EXTRACTED MATERIAL:
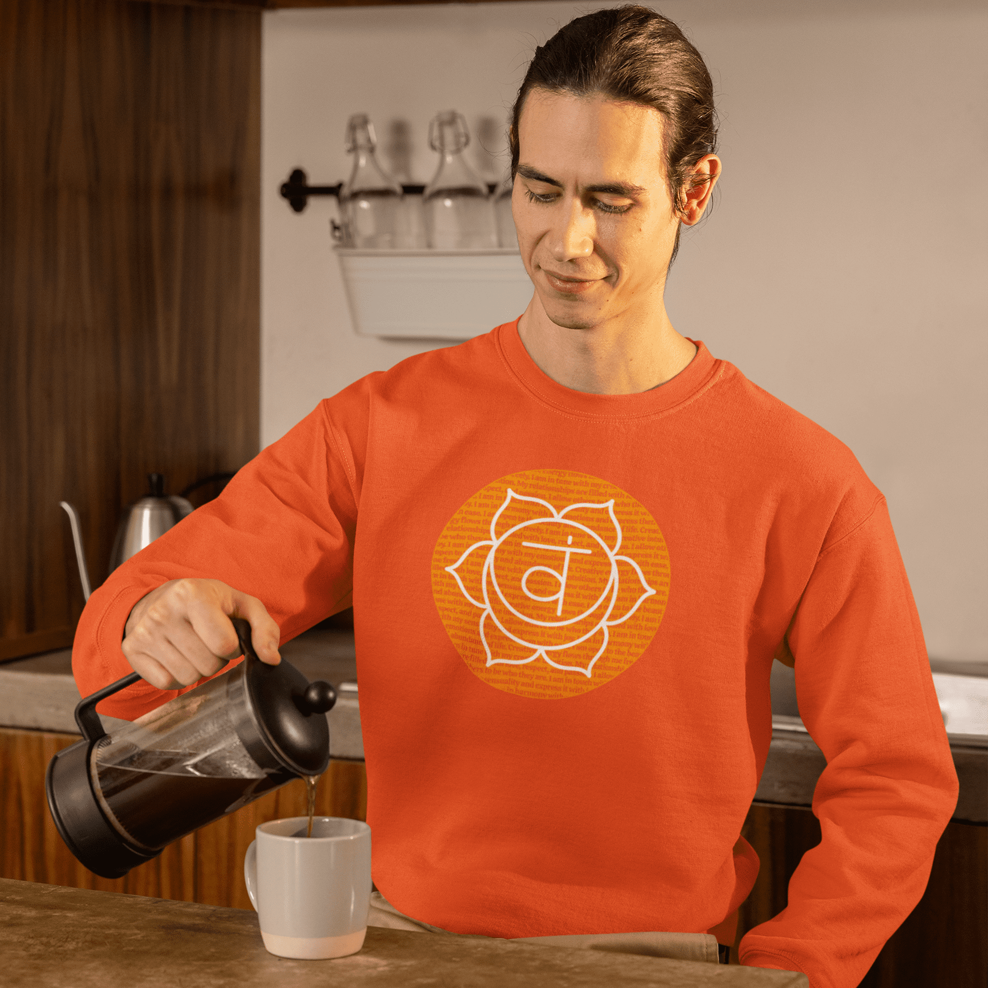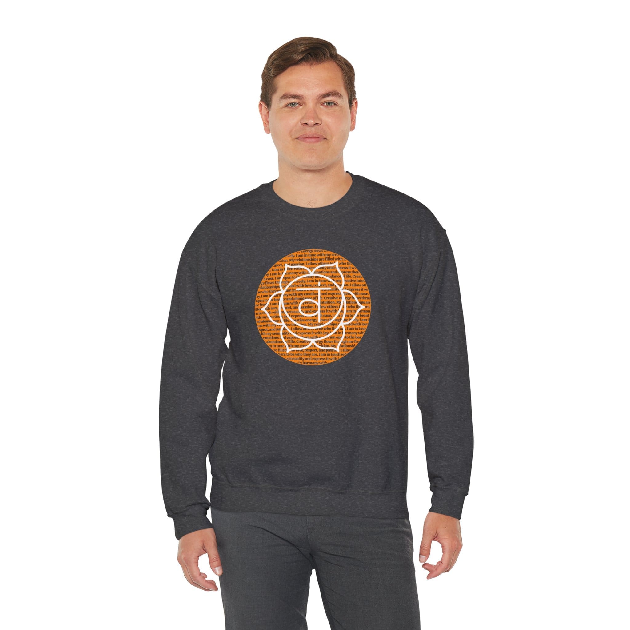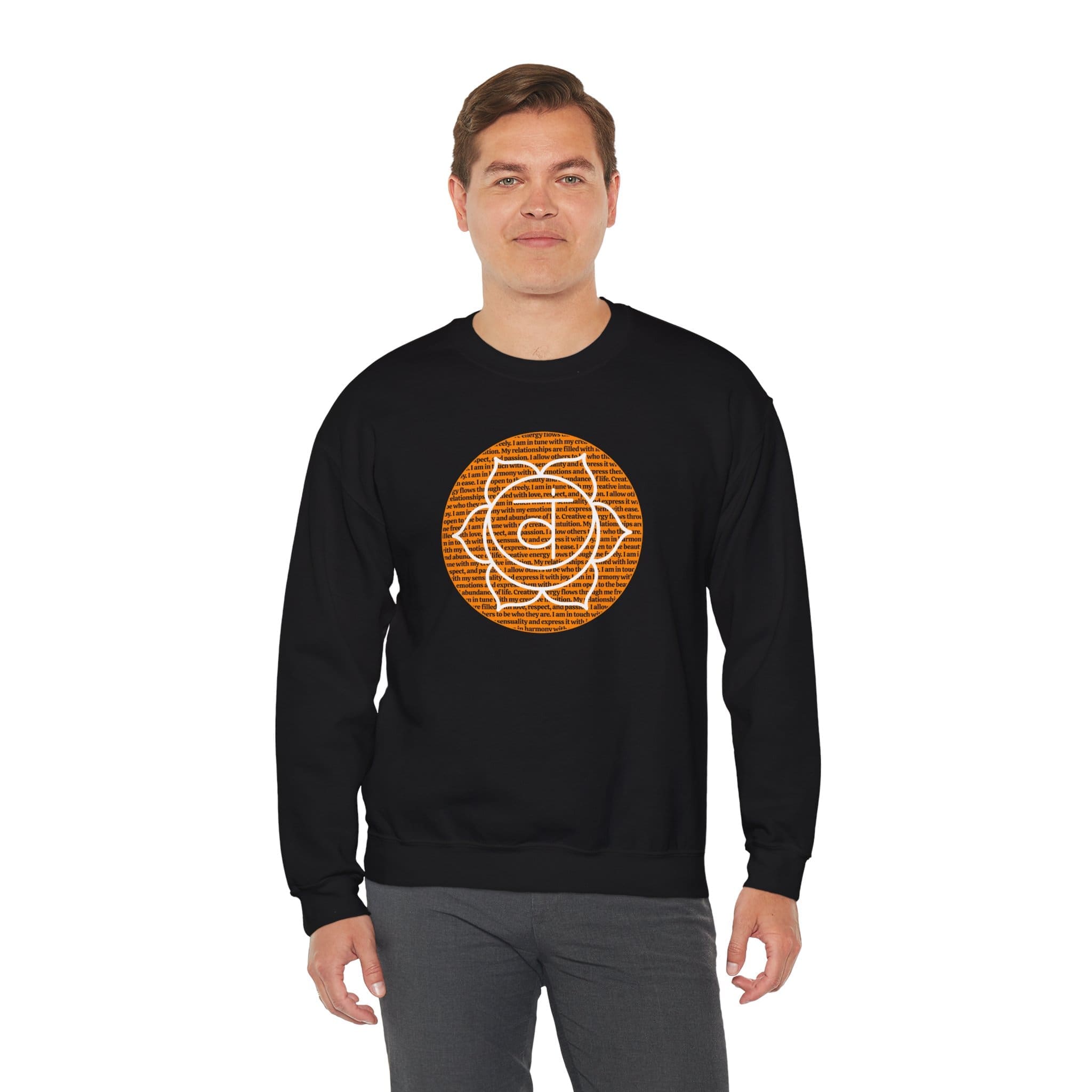 The design on this sweatshirt is multi-layered, with the chakra symbol in the forefront and sacral chakra affirmations typed out in the background. The affirmation text (repeated) is: ‘Creative energy flows through me freely. I am in tune with my creative intuition. My relationships are filled with love, respect, and passion. I allow others to be who they are. I am in touch with my sensuality and express it with joy. I am in harmony with my emotions and express them with ease. I am open to the beauty and abundance of life.’
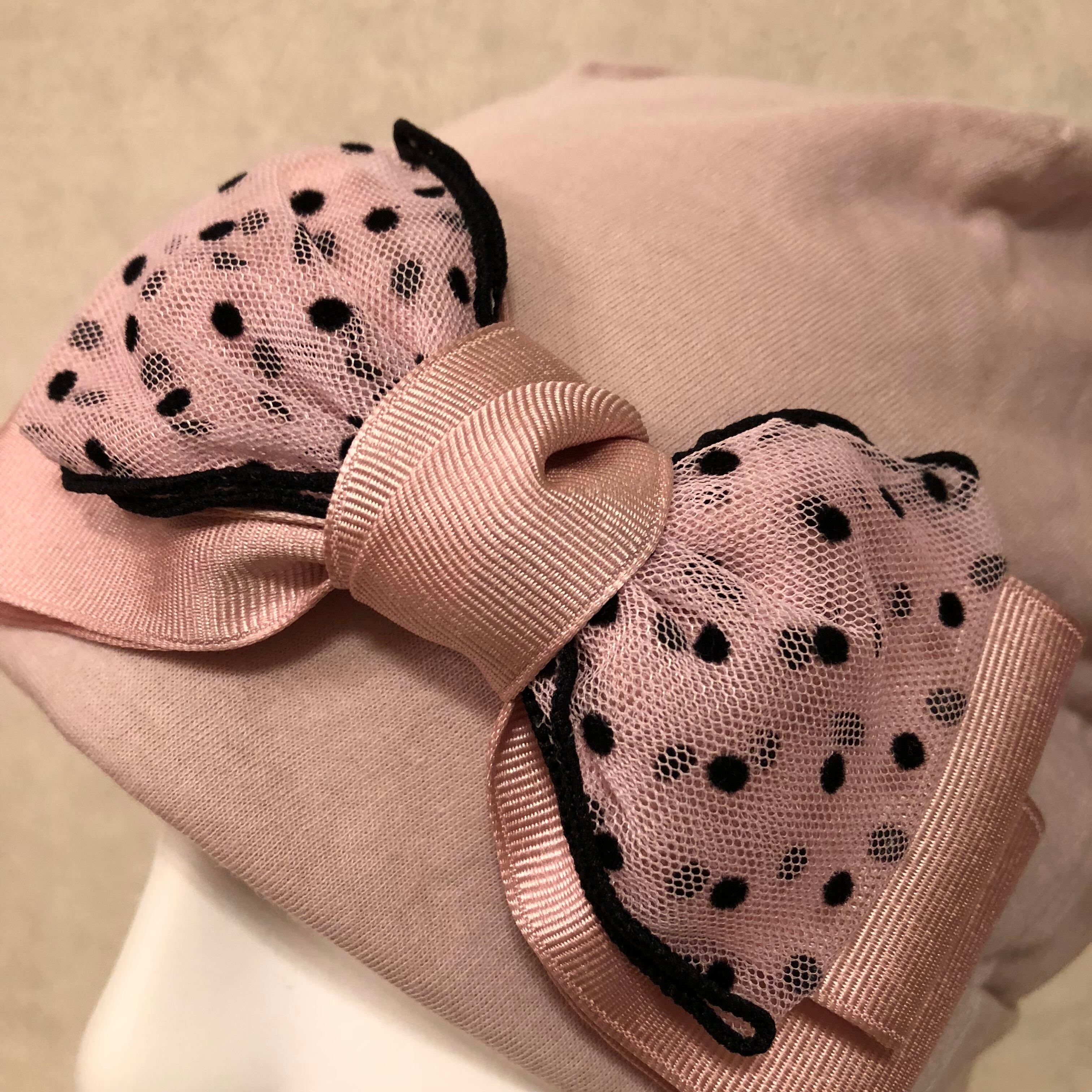 肌触りの良い、伸縮性のあるコットン100%のお生地で作ったお帽子に、ドットチュールリボンを付けた素敵なデザインです。
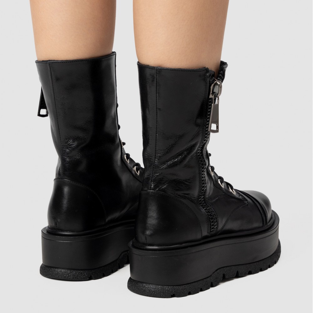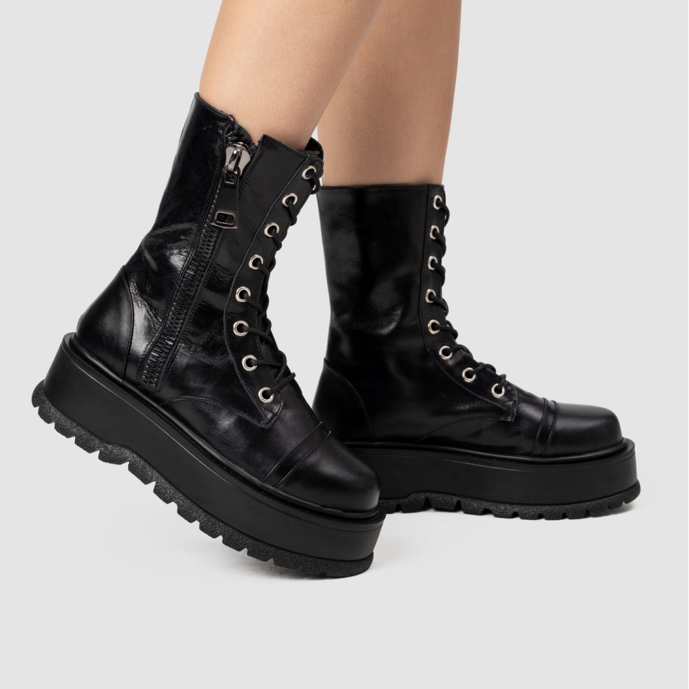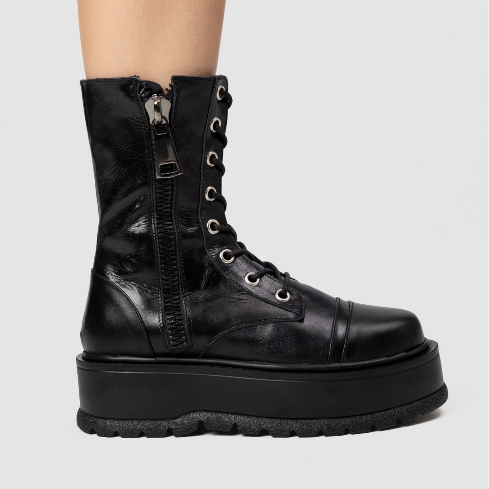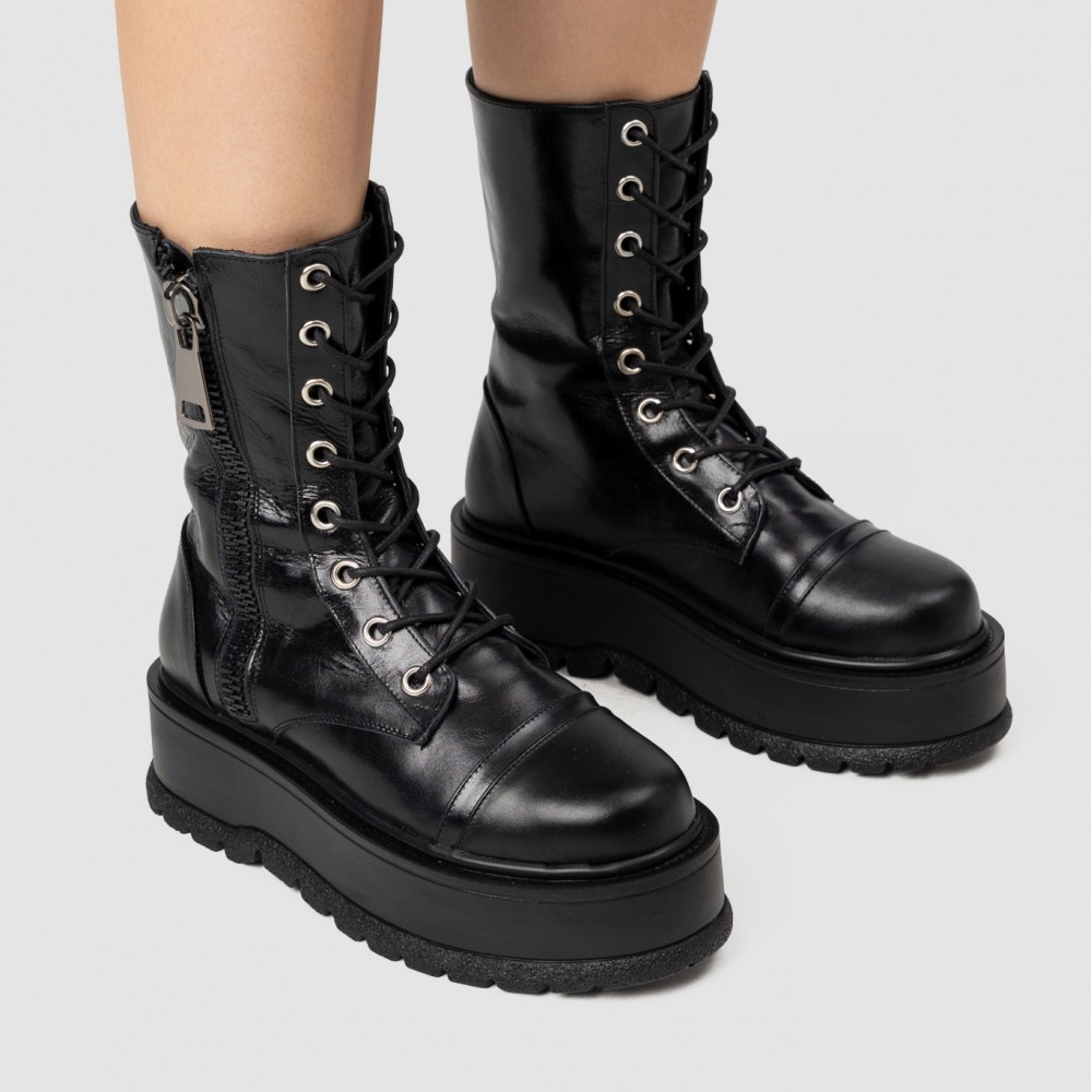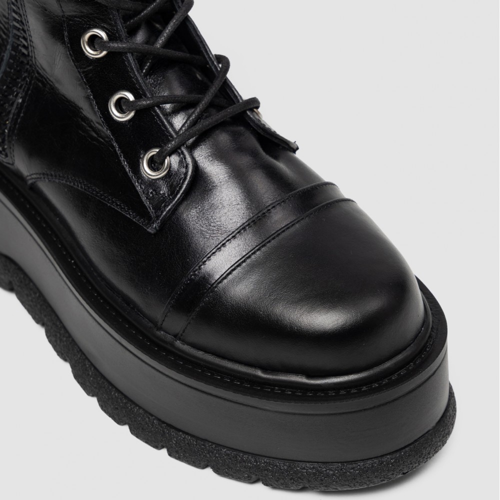 Șireturile cu capse metalice și fermoarul lateral păstrează funcționalitatea modernă, în timp ce talpa chunky oferă stabilitate și confort pe tot parcursul zilei. Jocul de texturi transformă acest model într-o piesă versatilă, ușor de remarcat, ideală pentru ținutele contemporane.
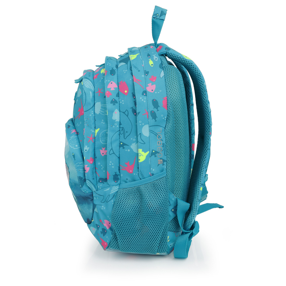Izuzetno lagan i ergonomski dizajniran ranac, pruža maksimalnu udobnost i podršku djacima tokom svakodnevnog nošenja. Moderan plavo-tirkizni dizajn sa motivima inspirisanim prirodom i morem čini ga vizuelno atraktivnim i idealnim za decu koja vole jedinstven stil. Ranac ima anatomski oblikovanu i ojačanu poledjinu, kao i široke, podesive i postavljne naramenice koje ravnomerno rasporedjuju težinu i smanjuju opterećenje na ledjima. Glavni prostor je prostran i organizovan, idealan za knjige i sveske. Dodatne dve pregrade sa prednje strane sa rajsferšlusom i bočni mrežasti džepovi omogućavaju lako odlaganje školskog pribora i flašice za vodu. Napravljen je od kvalitetnog i izdržljivog materijala koji je otporan na habanje i vremenske uslove. Savršen izbor za svakog djaka.
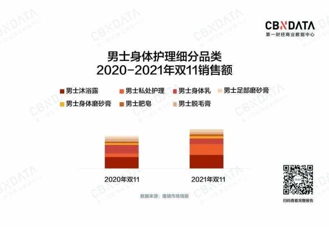 除了在頭部“捯飭”,男士對(duì)于身體護(hù)理的關(guān)注也在提升,男性私處護(hù)理、身體磨砂膏同比增幅分別高達(dá)218%和750%,雖然基數(shù)占比不大,但增速迅猛。
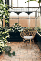 La sedia C-BR C-C Flores Natural è realizzata in rattan e presenta una finitura con vernice melaminica.
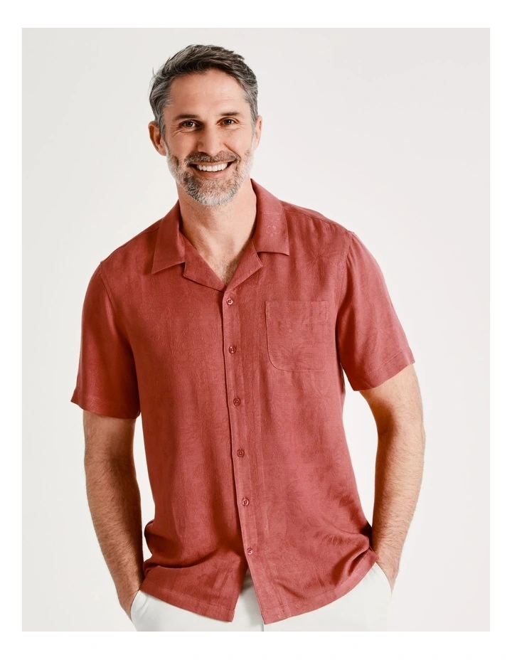 Reserve Stradbroke Short Sleeve Jacquard Shirt in Red

WHAT YOU ARE ASKED TO DO: Word for word, restate the lines from the line with "Șireturile cu capse" through the last line of the entries, and nothing beyond them. Omit pictures.

EXERCISE RESPONSE:
 Șireturile cu capse metalice și fermoarul lateral păstrează funcționalitatea modernă, în timp ce talpa chunky oferă stabilitate și confort pe tot parcursul zilei. Jocul de texturi transformă acest model într-o piesă versatilă, ușor de remarcat, ideală pentru ținutele contemporane.
Izuzetno lagan i ergonomski dizajniran ranac, pruža maksimalnu udobnost i podršku djacima tokom svakodnevnog nošenja. Moderan plavo-tirkizni dizajn sa motivima inspirisanim prirodom i morem čini ga vizuelno atraktivnim i idealnim za decu koja vole jedinstven stil. Ranac ima anatomski oblikovanu i ojačanu poledjinu, kao i široke, podesive i postavljne naramenice koje ravnomerno rasporedjuju težinu i smanjuju opterećenje na ledjima. Glavni prostor je prostran i organizovan, idealan za knjige i sveske. Dodatne dve pregrade sa prednje strane sa rajsferšlusom i bočni mrežasti džepovi omogućavaju lako odlaganje školskog pribora i flašice za vodu. Napravljen je od kvalitetnog i izdržljivog materijala koji je otporan na habanje i vremenske uslove. Savršen izbor za svakog djaka.
 除了在頭部“捯飭”,男士對(duì)于身體護(hù)理的關(guān)注也在提升,男性私處護(hù)理、身體磨砂膏同比增幅分別高達(dá)218%和750%,雖然基數(shù)占比不大,但增速迅猛。
 La sedia C-BR C-C Flores Natural è realizzata in rattan e presenta una finitura con vernice melaminica.
 Reserve Stradbroke Short Sleeve Jacquard Shirt in Red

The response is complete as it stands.